*** Begin section ***
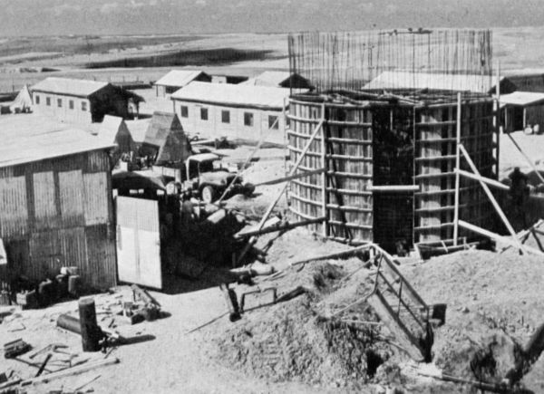 המגדל נבנה בשלושה שלבים. כשהגענו לשלב השלישי והתבניות היו מוכנות ליציקה, פרצה סערה, מלווה בפרצי רוח חזקים. כשקמנו בבוקר, לאחר שוך הסופה, ראינו שכל התבניות שינו כיוון ונטו לצד צפון-מזרח, (מכיוון שהרוח הייתה דרומית-מערבית). אינני יודע מאין לקחו כבל פלדה, הקיפו בו את התבנית ואת קצהו חיברו לטרקטור "אינטרנשיונל " (14.T.D). נדמה לי שבודא היה זה שישב על הטרקטור ומשך את התבנית לכוון דרום-מערב. אט אט, לפי הוראותיו של משה וחצי, התבנית התיישרה ויכולנו להמשיך בעבודה. אדם בעל עיניים חדות יכול להבחין עד היום באותה עקמומיות שנגרמה לבריכה, על ידי הסופה.
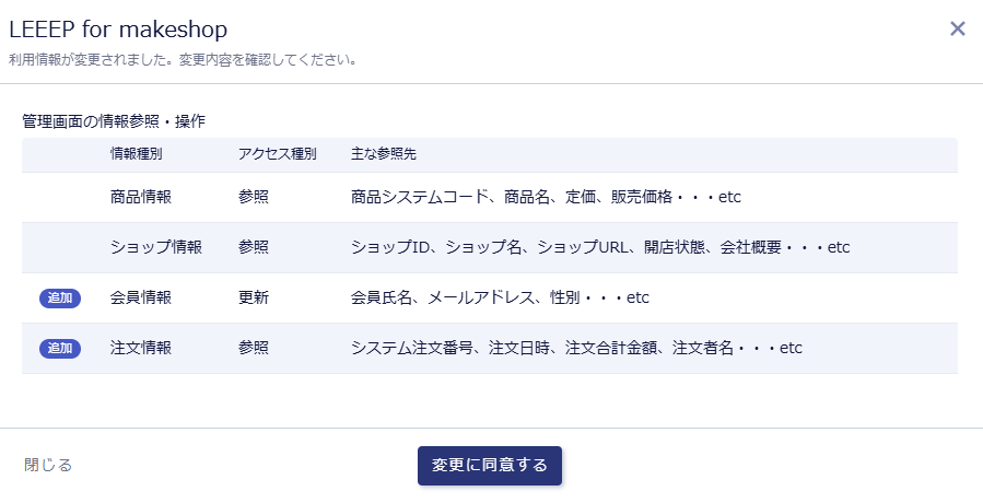 makeshopアプリの仕様上、権限設定を個別に行うことができないため、全体で一括の許可をお願いしております。ご理解とご協力のほど、何卒よろしくお願い申し上げます。
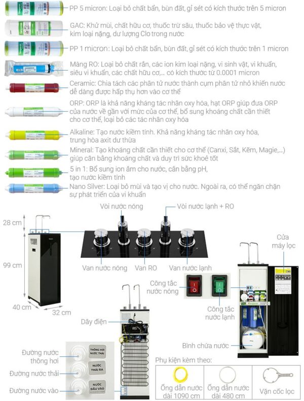 – Lõi Nano Silver (Sx Việt Nam): Loại bỏ mùi và tạo vị cho nước, ngăn chặn sự phát triển của vi khuẩn.
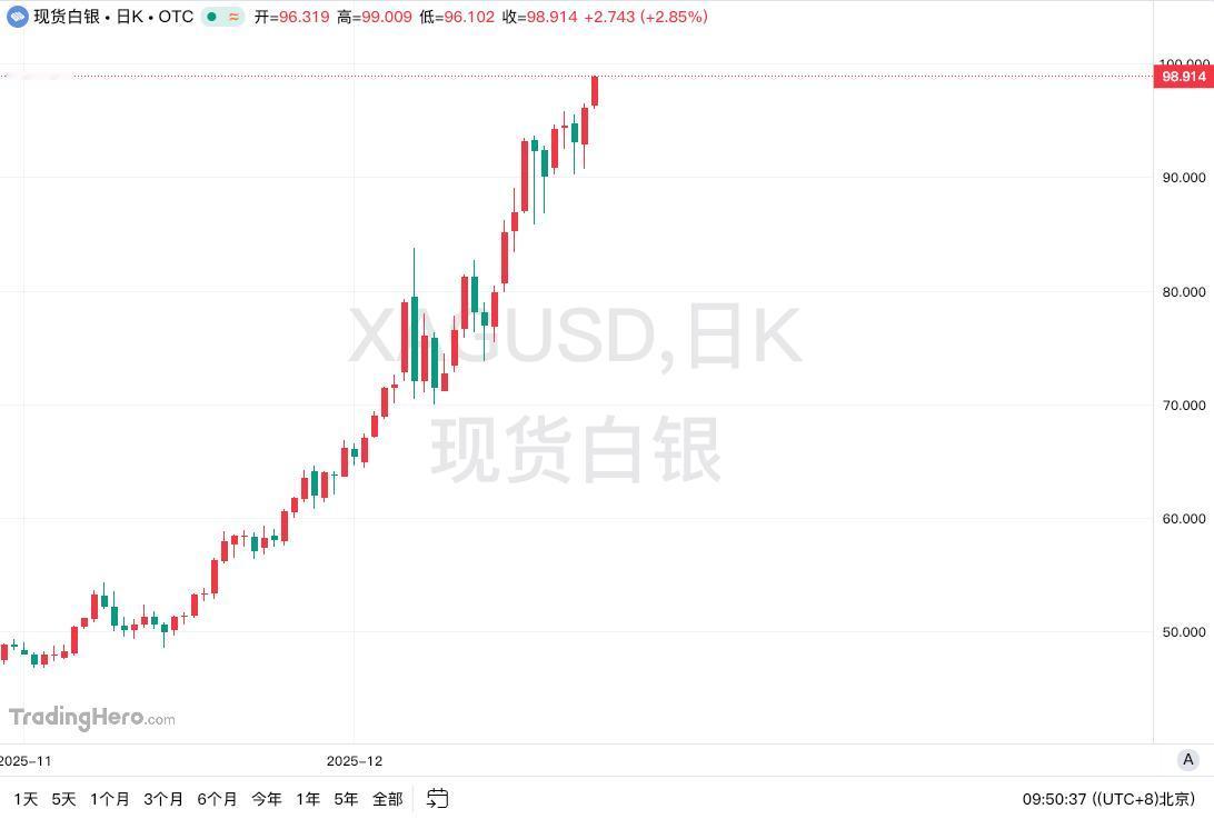 现货白银突破99美元关口 现货白银首次站上99美元/盎司,新年首月涨超38%。[
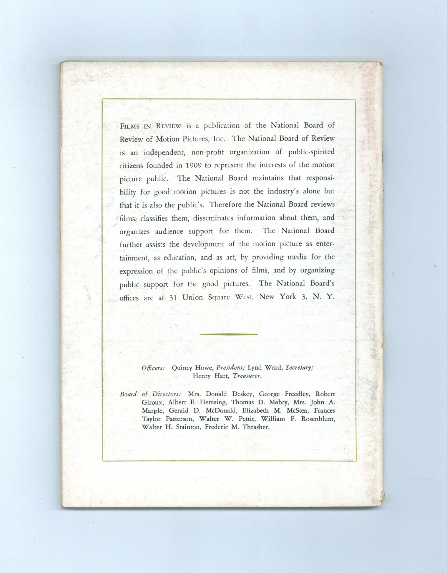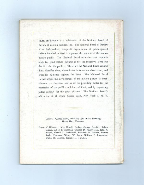 Film in Review is a publication of the National Board of Review of Motion Pictures, Inc, an independent, non-profit organization of public citizens founded in 1909 to represent the interests of the motion picture public. This National Board further assists the development of the motion picture as a source of entertainment, as education, and as art, by providing media for the expression of the public's opinion about films and their cultural and social effects. 5 1/2-in. x 7 1/2-in., 52 pages, B&W. Cover price $0.50.
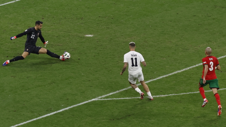 Una salida en tromba de Benjamin Sesko encogió a Portugal. El ariete esloveno ganó un balón en el centro del campo y retó a Pepe en un uno contra uno a campo abierto. Sesko, 20 años más joven que el mítico zaguero, superó al portugués, que hizo lo que pudo para incomodar al delantero, cuyo intento se marchó cruzado.
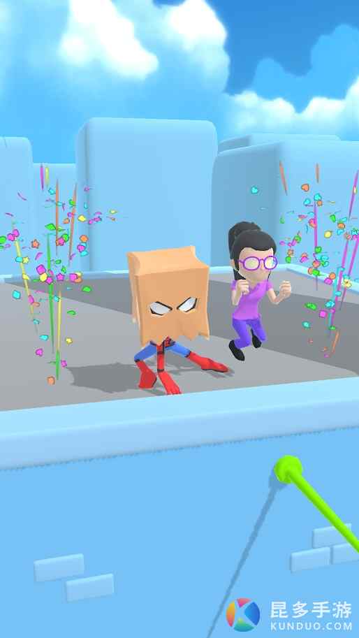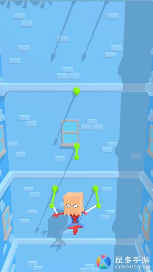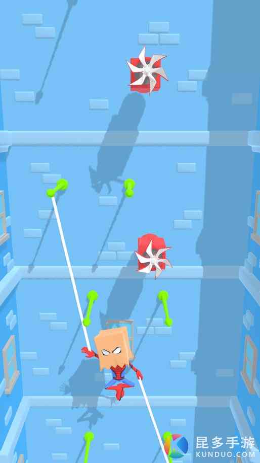 游戏通过点击操作,进入游戏后,点击最有利的攀爬点,释放蜘蛛丝向上攀爬,然后选择正确的角度抓住下一个攀爬点,躲避机关继续向上,直到楼顶。
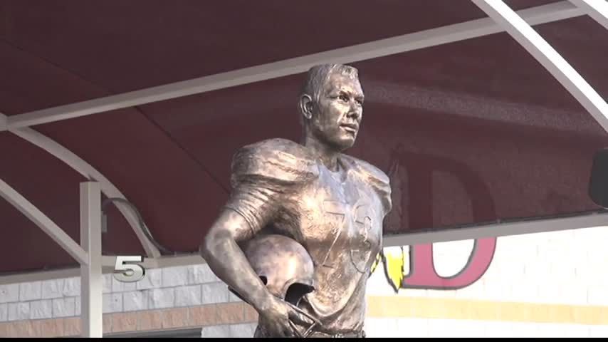 Evans was an outstanding football and basketball player at Donna. And now his likeness will forever stand in front of the stadium. A statue of Evans was unveiled at the ceremony.
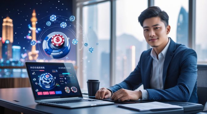 Seorang dewasa muda duduk di meja dengan laptop dan ponsel, tampak fokus belajar tentang judi online dengan latar belakang kota Macau dan simbol kasino.
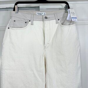 A&F Mixed Fabric Ultra High Rise 90s Slim Straight Jean 31/12 Short - NEW
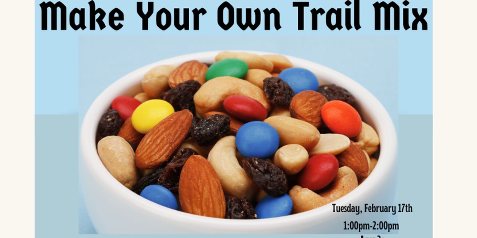 Create your own tasty trail mix at the library! Children ages 3 and up are invited to mix, match, and snack while exploring fun flavors and textures in this hands-on activity. A delicious way to enjoy learning, sharing, and creativity together.
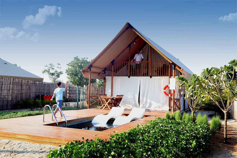 Looking for a luxurious camping experience in Abu Dhabi deserts? Then, Bab Al Nojoum is your place to be. It features Bab Al Nojoum Desert Resort which offers a unique ‘glamping’ experience combining the camping experience with modern facilities, unlike traditional camping.
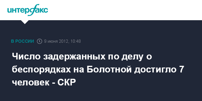 Таким образом, по словам представителя СК РФ, к настоящему моменту задержаны уже семь человек в рамках уголовного дела о массовых беспорядках 6 мая на Болотной площади.
*** End section ***
### What this task involves
Beginning with the line above that contains "Film in Review" and finishing with the line that contains "Create your own", print those lines exactly and only. Skip all pictures.

### Task answer
 Film in Review is a publication of the National Board of Review of Motion Pictures, Inc, an independent, non-profit organization of public citizens founded in 1909 to represent the interests of the motion picture public. This National Board further assists the development of the motion picture as a source of entertainment, as education, and as art, by providing media for the expression of the public's opinion about films and their cultural and social effects. 5 1/2-in. x 7 1/2-in., 52 pages, B&W. Cover price $0.50.
 Una salida en tromba de Benjamin Sesko encogió a Portugal. El ariete esloveno ganó un balón en el centro del campo y retó a Pepe en un uno contra uno a campo abierto. Sesko, 20 años más joven que el mítico zaguero, superó al portugués, que hizo lo que pudo para incomodar al delantero, cuyo intento se marchó cruzado.
 游戏通过点击操作,进入游戏后,点击最有利的攀爬点,释放蜘蛛丝向上攀爬,然后选择正确的角度抓住下一个攀爬点,躲避机关继续向上,直到楼顶。
 Evans was an outstanding football and basketball player at Donna. And now his likeness will forever stand in front of the stadium. A statue of Evans was unveiled at the ceremony.
 Seorang dewasa muda duduk di meja dengan laptop dan ponsel, tampak fokus belajar tentang judi online dengan latar belakang kota Macau dan simbol kasino.
 A&F Mixed Fabric Ultra High Rise 90s Slim Straight Jean 31/12 Short - NEW
 Create your own tasty trail mix at the library! Children ages 3 and up are invited to mix, match, and snack while exploring fun flavors and textures in this hands-on activity. A delicious way to enjoy learning, sharing, and creativity together.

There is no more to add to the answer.